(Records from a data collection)

((

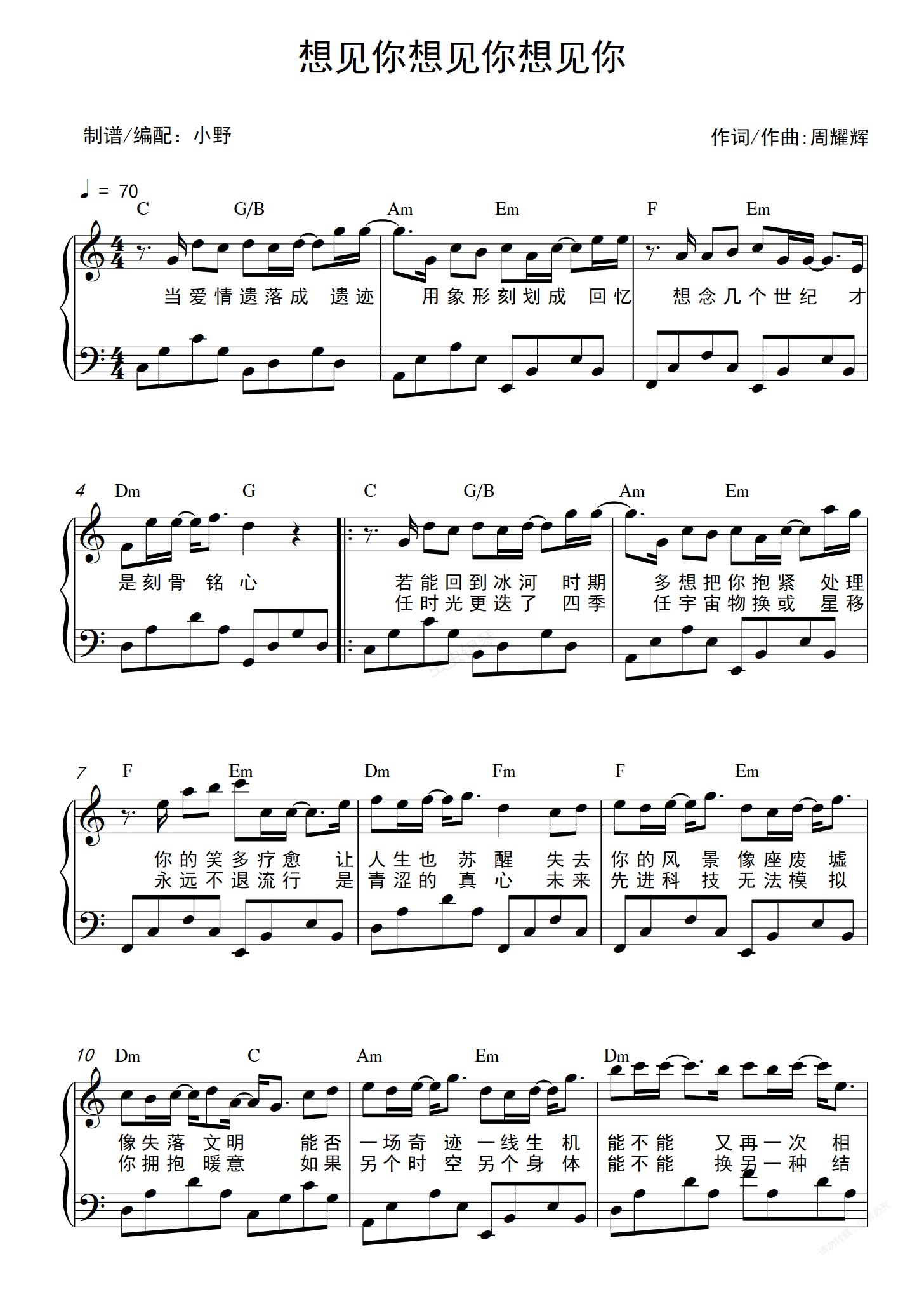 钢琴谱:想见你想见你想见你
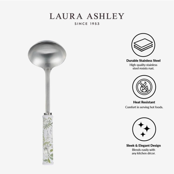 Una Adición con Estilo a la Cocina: La estética clásica de Laura Ashley complementa una variedad de estilos de cocina, ya que el cucharones de cocina se integra perfectamente con su utensilio de cocina existente, creando un espacio cohesivo y visualmente atractivo.
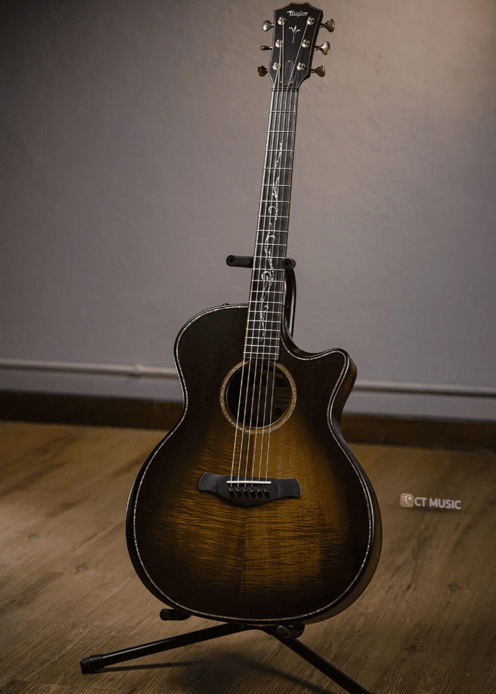 Гитара Taylor K24ce обладает глянцевым корпусом Grand Auditorium из коа с вырезом. Гриф из красного дерева имеет накладку из чёрного дерева и 20 ладов и гарантирует великолепные игровые характеристики. Конструкция гитары в сочетании с инновационной V-распоркой обеспечивает отличительный звуковой характер с тональными преимуществами. Гитара Taylor K24ce разработана как для звукозаписывающих сессий, так и для выступлений на сцене. Звукосниматель Expression System 2 с тремя отдельными бриджевыми датчиками качественно усиливает естественное акустическое звучание. Гитара также оборудована позолоченными колками Gotoh и поставляется в комплекте с кейсом Taylor Deluxe Hardshell.
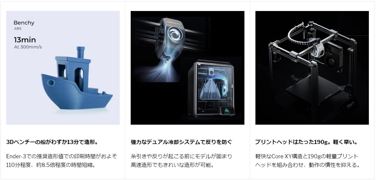 造形速度は600mm/s。 一般的な造形速度50mm/sのプリンターと比較して約12倍の速度で、 3Dベンチマークの船が最短13分で作成できます。
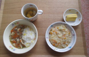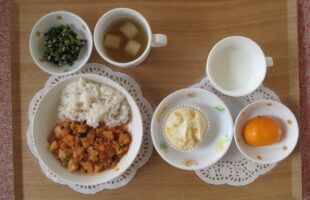 麦ご飯、ポークビーンズ、青菜ときのこの和え物、味噌汁3時のおやつ:チーズ入り蒸しパン、みかん、牛乳
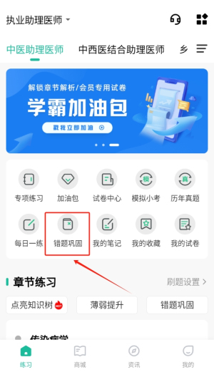 1、章节练习按临床医学、基础医学等科目分类,支持按知识点筛选题目进行专项训练。
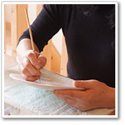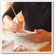 成型を終えて素焼きしたものに絵や文字を入れていきます。 上絵と下絵の2種類あります。
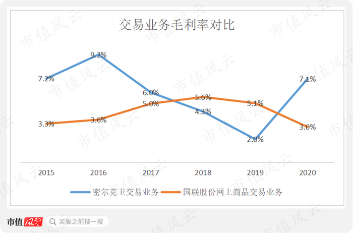 对比两者交易业务的毛利率,国联股份由于涉及行业较多,周期性不明显,毛利率较稳定,在3%-6%之间。
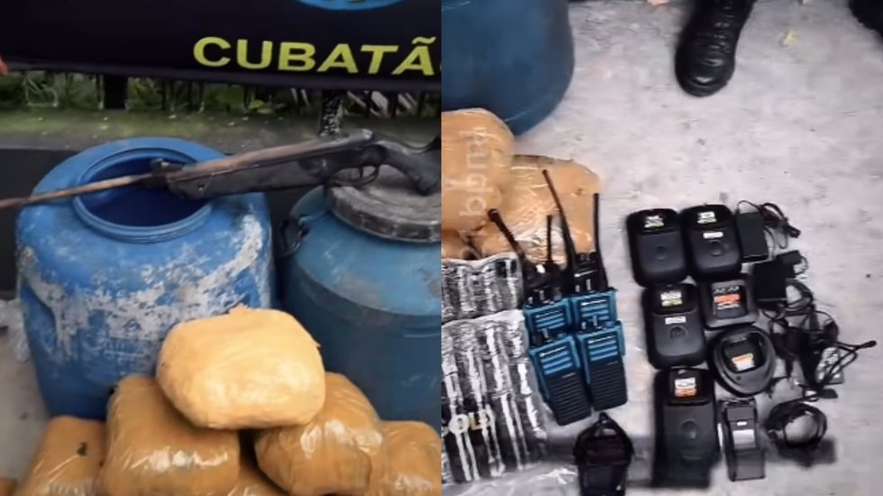 Dentro dos recipientes, que funcionavam como um "paiol" improvisado, os policiais militares encontraram uma grande quantidade de drogas já fracionadas para a venda, além de uma espingarda em bom estado de conservação. O que chamou a atenção da equipe foi a presença de diversos rádios comunicadores. Esses aparelhos são peças fundamentais na estrutura do tráfico local, utilizados por "olheiros" para monitorar a chegada de viaturas e coordenar a movimentação dos pontos de venda de drogas em tempo real.
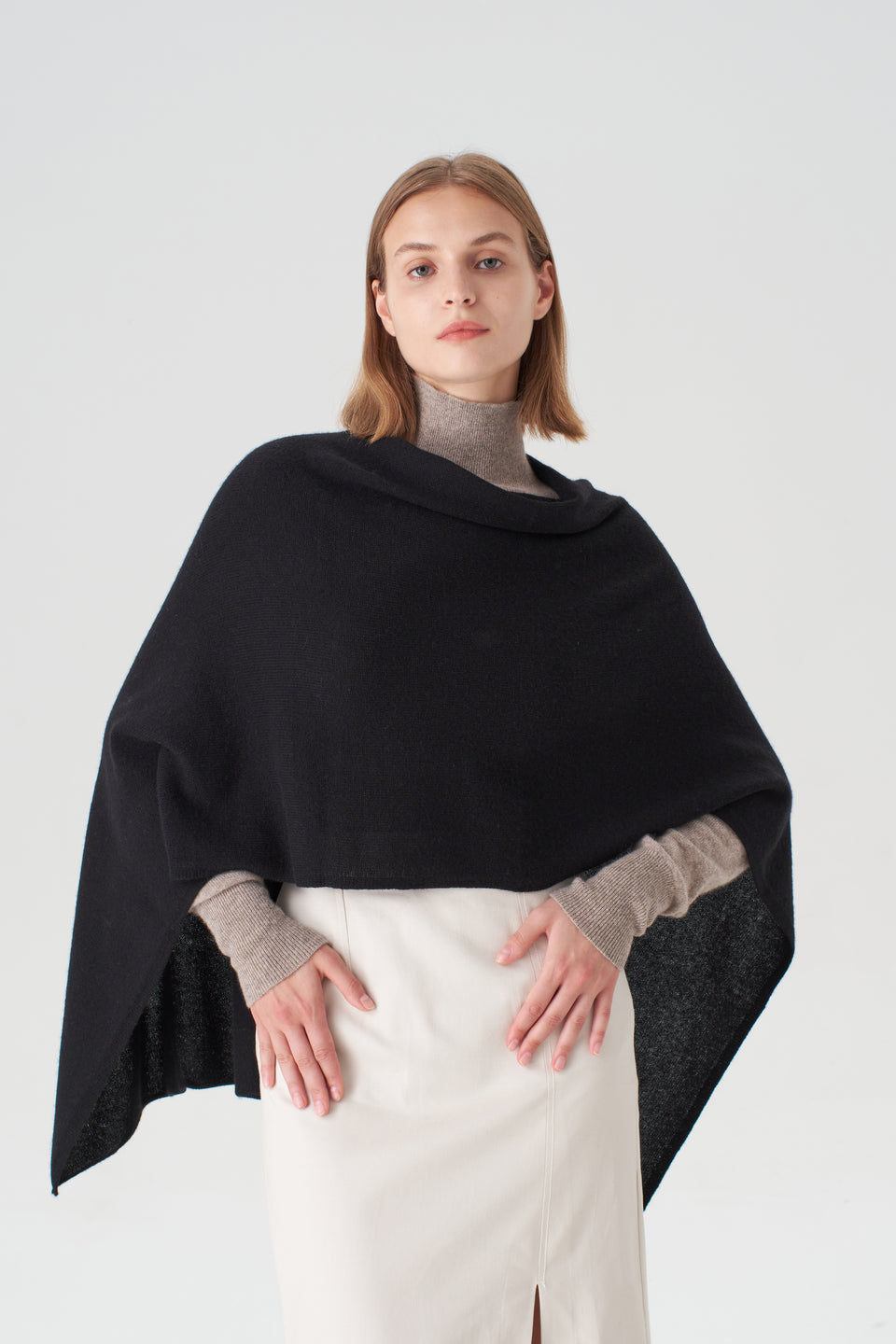 The Pissenlit Cashmere Topper is a luxurious wardrobe essential that combines versatility with timeless elegance. Expertly crafted from 100% grade A Mongolian cashmere, its sumptuously soft texture provides unmatched comfort while draping beautifully over the shoulders. Designed to be worn multiple ways, it effortlessly transforms from a chic poncho to a sophisticated scarf, making it perfect for layering over tailored outerwear or adding warmth and style to casual ensembles. Lightweight yet cozy, this topper elevates any outfit with understated refinement. A true investment piece, it embodies superior craftsmanship, versatility, and enduring luxury, offering both practicality and a touch of effortless glamour.

))

• Task directions: Starting with the first line of the records above and stopping after the line containing "Una Adición con", repeat every line exactly and leave out the pictures.

• Exercise result:
 钢琴谱:想见你想见你想见你
 Una Adición con Estilo a la Cocina: La estética clásica de Laura Ashley complementa una variedad de estilos de cocina, ya que el cucharones de cocina se integra perfectamente con su utensilio de cocina existente, creando un espacio cohesivo y visualmente atractivo.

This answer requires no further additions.